» **Problem to work on**
Below are some records. Retype exactly the lines from the one containing "of the temple." through the one containing "ccc. nr... ////", both included, skipping every picture.

» **The records**
++++++++
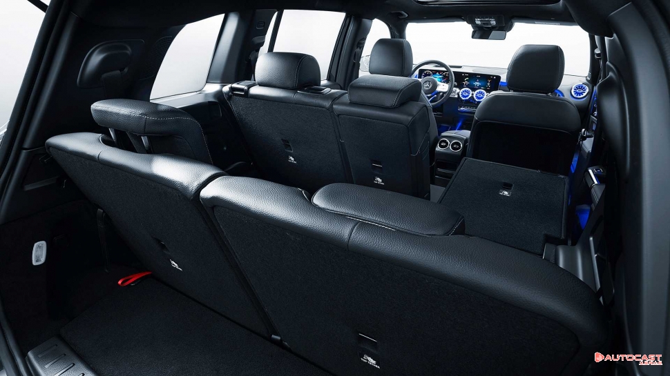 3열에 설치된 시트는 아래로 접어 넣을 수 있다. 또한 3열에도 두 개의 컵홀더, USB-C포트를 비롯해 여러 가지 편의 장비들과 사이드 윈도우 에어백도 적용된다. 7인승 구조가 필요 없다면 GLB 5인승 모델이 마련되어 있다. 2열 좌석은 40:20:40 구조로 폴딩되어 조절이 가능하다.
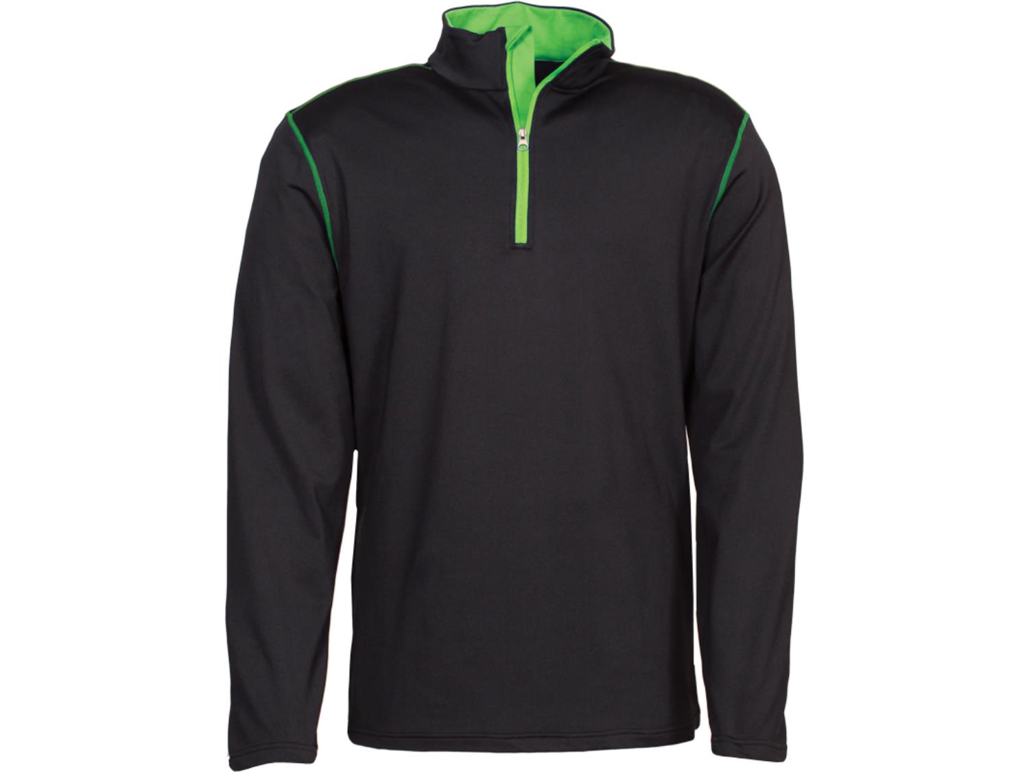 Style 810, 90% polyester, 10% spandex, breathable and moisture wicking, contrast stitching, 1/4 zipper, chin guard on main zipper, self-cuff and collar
++++++++
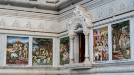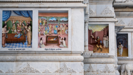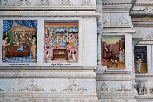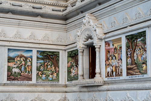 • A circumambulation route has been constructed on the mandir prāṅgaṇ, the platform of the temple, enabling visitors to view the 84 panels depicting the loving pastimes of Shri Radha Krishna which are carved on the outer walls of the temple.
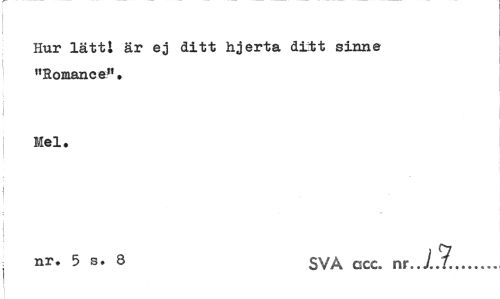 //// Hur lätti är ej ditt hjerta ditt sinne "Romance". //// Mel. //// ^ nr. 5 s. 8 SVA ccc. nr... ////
++++++++
» **Output for this exercise**
 • A circumambulation route has been constructed on the mandir prāṅgaṇ, the platform of the temple, enabling visitors to view the 84 panels depicting the loving pastimes of Shri Radha Krishna which are carved on the outer walls of the temple.
 //// Hur lätti är ej ditt hjerta ditt sinne "Romance". //// Mel. //// ^ nr. 5 s. 8 SVA ccc. nr... ////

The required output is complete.